Guglielmo Tell. Rossini. Pesaro

 

Una scena del

MA QUESTO È UN GUGLIELMO TELL MEMORABILE

La versione dell’opera andata in scena a Pesaro ha rappresentato uno dei momenti più alti nella storia del festival rossiniano. Un trionfo per Juan Diego Florez e una dimostrazione della capacità di direttore per Michele Mariotti.

 
Un luogo comune non del tutto campato per aria vuole che il Guglielmo Tell si faccia solo se c’è il tenore per l’asperrima parte di Arnold. Per questa attesissima edizione del monumentale capolavoro rossiniano, il Rossini Opera Festival di Pesaro ha scritturato un fuoriclasse quale Juan Diego Florez: sulla breccia ormai dal 1996, ha affrontato l’arduo cimento con fermezza e determinazione, mutuate da una solida esperienza professionale, uscendone vincitore con gli onori di un meritato trionfo (ma al tempo stesso con la radicata convinzione di non poter procedere oltre in questa direzione).
 
Molto bene anche l’altro tenore, Celso Albelo, alle prese con il breve ma impervio canto del Pescatore. Questo per molte ragioni splendido Guglielmo Tell in lingua originale ha giustamente esaltato anche Michele Mariotti, che ha offerto una decisiva dimostrazione delle sue qualità direttoriali, trovando per le oltre quattro ore di spettacolo il difficile punto d’incontro fra i momenti d’intensa drammaticità – sottolineati dagl’interventi dello splendido coro del Comunale di Bolgona, istruito con vigorosa passione da Andrea Faidutti – e le lunghe fasi di soffuso lirismo dove emerge la necessaria dimensione panica.
 
Essa è stata del tutto ignorata dalla regia di Graham Vick, che ha privilegiato invece una chiave di lettura ideologica (la presa di coscienza del popolo oppresso e il sogno di un’utopia socialista) non priva di suggestioni cinematografiche (dall’Albero degli zoccoli di Olmi a Novecento di Bertolucci), parzialmente accettabile soprattutto nel tumultuoso terzo atto ma che alla fine ha lasciato perplesso parte del pubblico.
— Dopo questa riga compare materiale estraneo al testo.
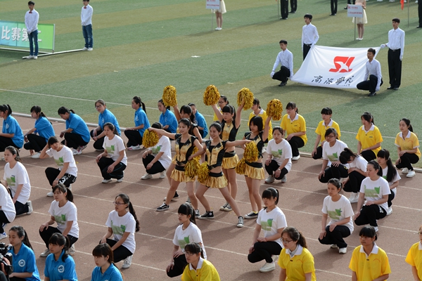在歡快的運(yùn)動(dòng)會(huì)進(jìn)行曲中,各院和教職工代表等方隊(duì)精神飽滿,依次入場(chǎng)。他們昂首闊步,精神抖擻,整齊的陣容,嘹亮的口號(hào),颯爽的英姿,展示了當(dāng)代師生意氣風(fēng)發(fā)、朝氣蓬勃的青春風(fēng)采,博得了全場(chǎng)的陣陣掌聲。語(yǔ)言文化傳播學(xué)院擺出了漢字“文”的隊(duì)形,生物醫(yī)藥與食品工程學(xué)院用雙手組成“海鷗”圖形,城鄉(xiāng)規(guī)劃與建筑工程學(xué)院用五彩扇子組成“JGXY(建工學(xué)院)”、笑臉、“Go”三個(gè)圖案,其他各院也紛紛以多種多樣的形式展示了昂揚(yáng)的精神風(fēng)貌。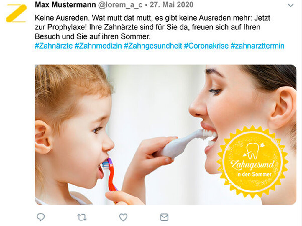 Mit dem Titel "Zurück in die Praxis" sind Postings für Social-Media-Kanäle erstellt worden, die die Patienten motivieren sollen, die verschobenen zahnmedizinischen Behandlungen und Vorsorgeuntersuchungen wieder wahrzunehmen. Diese sollen der Inspiration dienen und können auf der Website der BZÄK heruntergeladen werden. Zahnärzte, die nicht selbst posten möchte, können die Beiträge gerne teilen, heißt es.

C’è da dire però che, a differenza di altre occasioni, la fruizione della musica non ha subito danni irreparabili. Il resto del cast è stato complessivamente all’altezza della situazione. Il protagonista Nicola Alaimo non potrà che crescere in autorevolezza, buono il Furst di Simon Orfila e convincente l’odioso Gessler dipinto da Luca Tittoto. Sul versante femminile, accanto a Veronica Simeoni (bravissima Edwige) e Amanda Forsythe (una piacevole sopresa il suo eccellente Jemmy), avrebbe dovuto emergere la Matilde impersonata da Marina Rebeka: in realtà la cantante lettone, dotata di voce forte e resistente, si è fatta apprezzare per ciò che ha lasciato intravedere più che per quanto ha messo in evidenza, al di là di una spicevole tendenza al grido che neppure Mariotti è riuscito a frenare.

 

È stata nel complesso una serata fra le più esaltanti vissute dal ROF dal giorno della sua nascita, che ha compensato il mediocrissimo esito lamentato dallo spettacolo inaugurale firmato da Davide Livermore. La sua è stata un’Italiana in Algeri a ruota libera e schizofrenica, con deliberati omaggi al passato, che ha trasformato la scintillante fantasia rossiniana in colonna sonora (per di più male diretta da José Encinar) di un’intollerabile farsa. A farne le spese è stato soprattutto Mustafà, grandioso personaggio belcantistico che Alex Esposito ha purtroppo trasformato in insopportabile guitto. 
 
Non troppo azzeccata nemmeno la protagonista Anna Goryachova, preoccupata soprattutto di far valere la sua innegabile avvenenza a spese della definizione del personaggio, alquanto mancata anche vocalmente per evidenti carenze timbriche. Si sono distinti, nonostante tutto, il Taddeo di Mario Cassi e il Lindoro del taiwanese Yije Shi e la promettente Elvira di Mariangela Sicilia. La conclusiva Occasione fa il ladro – riproposta nello storico allestimento firmato dal compianto Jean-Pierre Ponnelle, e qui «rinfrescato» da Sonia Frisell – ha infine messo in luce la collaudata comicità di Paolo Bordogna e Roberto de Candia, nonché il rigore e la professionalistà della direttrice cinese Yi-Chen Lin.